そうしてそれを受け入れてしまう私は、更にロクでもない人間なのだ。




「…その、何もベッドの上で、…いくらなんでもマナーがなっていないのではないだろうか」

「まあ、まあ。 ぼくはね…御剣と一緒に食べたいの」
「それはさっきも聞いた。 ――私は、あとで紅茶といただくことにしよう。」
「ええー? まったく、優等生なんだから、おまえは」
文句を言いながら、だが顔は終始嬉しそうだ。 そうして、スーツの腕が伸びてくる。
「…、成歩堂…、その…、本気か?」
「うん。――…いやじゃないよね?」
「だったら、とっくにキミをひっぱたいて、事務所に帰っているさ」
「…だよね。
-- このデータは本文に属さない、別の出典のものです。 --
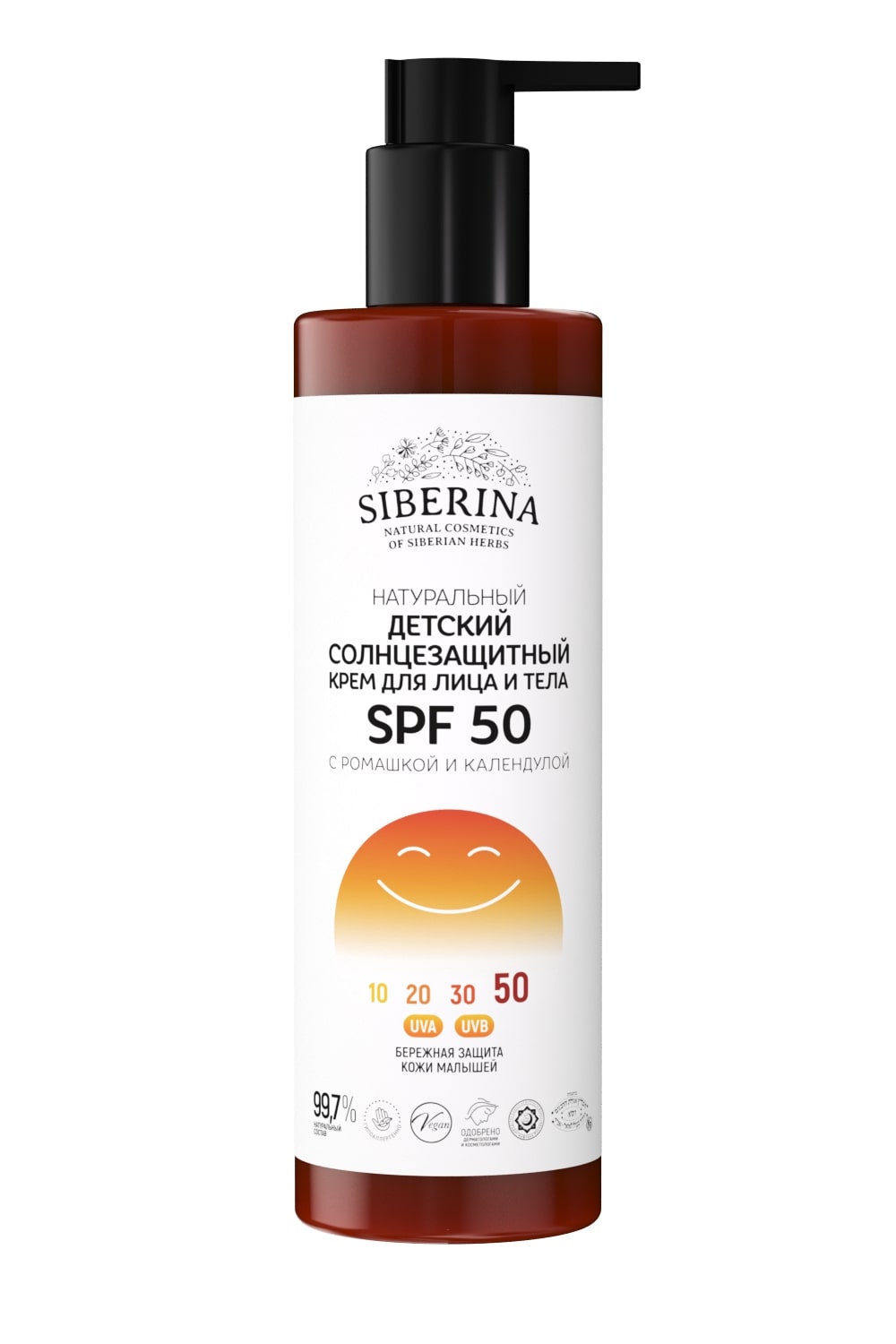 Детский солнцезащитный крем с SPF 50 предназначен специально для нежной и чувствительной кожи малышей. Он содержит только безопасные гипоаллергенные компоненты и обеспечивает максимальную защиту детской кожи от неблагоприятного воздействия УФ-лучей. С таким эффективным и натуральным средством вы можете быть спокойны за своего ребенка, когда он гуляет, играет на свежем воздухе и купается. Благодаря легкой текстуре средство легко распределяется, не вызывая липкости и жирного блеска. В составе нет наночастиц, поэтому при нанесении крем может оставлять на коже легкий белый след. ОКСИД ЦИНКА является эффективным физическим ультрафиолетовым фильтром, создаёт на поверхности кожи невидимый барьер, который отражает UVA/UVВ-лучи. Еще один природный УФ-фильтр - МАСЛО МАЛИНЫ: оно поглощает излучение А и В типа, помогая крему достичь высокой степени защиты от солнца, а также стимулирует выработку меланина. ЭКСТРАКТЫ РОМАШКИ, КАЛЕНДУЛЫ И БИСАБОЛОЛ уменьшают покраснение и раздражение, смягчают и успокаивают чувствительную кожу. ВИТАМИН Е оказывает антиоксидантный эффект и укрепляет барьерную функцию кожи. ОБЪЕМ: 200 ± 5 мл. СРОК ГОДНОСТИ: 18 месяцев, после вскрытия хранить 3 месяца.СОСТАВ: Aqua (вода дистиллированная), Zinc oxide (оксид цинка), Rubus idaeus seed oil (масло малины), Coco-caprylate/caprate (коко-каприлат/капрат), Polyglyceryl-4 Olivate/Polyricinoleate (полиглицерил-4 оливат/полирицинолеат), Coconut oil (масло кокосовое), Glycerin (глицерин), Prunus amygdalus dulcis (Sweet almond) oil (масло миндаля), Magnesium sulfate (сульфат магния), Stearic acid (стеариновая кислота), Benzyl alcohol (бензиловый спирт), Tocopheryl acetate (витамин Е), Xanthan gum (ксантановая камедь), Bisabolol (бисаболол), Panthenol (Д-пантенол), Calendula officinalis flower extract (экстракт календулы), Panax ginseng extract (экстракт женьшеня), Chamomilla recutita (matricaria) flower extract (экстракт ромашки), Ethylhexylglycerin (этилгексилглицерин).СПОСОБ ПРИМЕНЕНИЯ: Перед первым использованием встряхнуть и медленно нажать на дозатор 15-20 раз. Легкими массажными движениями нанести крем на кожу лица за 15-20 минут до выхода на солнце, излишки убрать салфеткой.

だって御剣、えっちだもんね?」
「――、…否定はしないが、肯定もしたくはない質問だな」
「いまさらじゃない、付き合って何年だよ、ぼくたち」
「…まだ11ヶ月だ、成歩堂」
「そうだった? ごめん、24くらいで付き合ってるつもりだったから。」
「――まあ、それも否定はしないがな…」
話を続けているうちに、服を脱がされ、ベッドに押し倒され、ついでに、腕を己のシャツでゆるく戒められる。
「これは、やりすぎではなかろうか」
「だって、このほうが興奮しない?」
「――私はいつだって、そうなのだが…、まあ、いいとする」

成歩堂と付き合って理解した。この男に対しては、あきらめが肝心だ。
「…絶景だね」
「――私の方は、そうでもない」
「じゃあ、デコレーションといこうかな」
「…っ…」
す、と成歩堂が腹を撫でるだけで、期待に胸が躍る。 結局、私は彼の言ったとおりの人間なのだ。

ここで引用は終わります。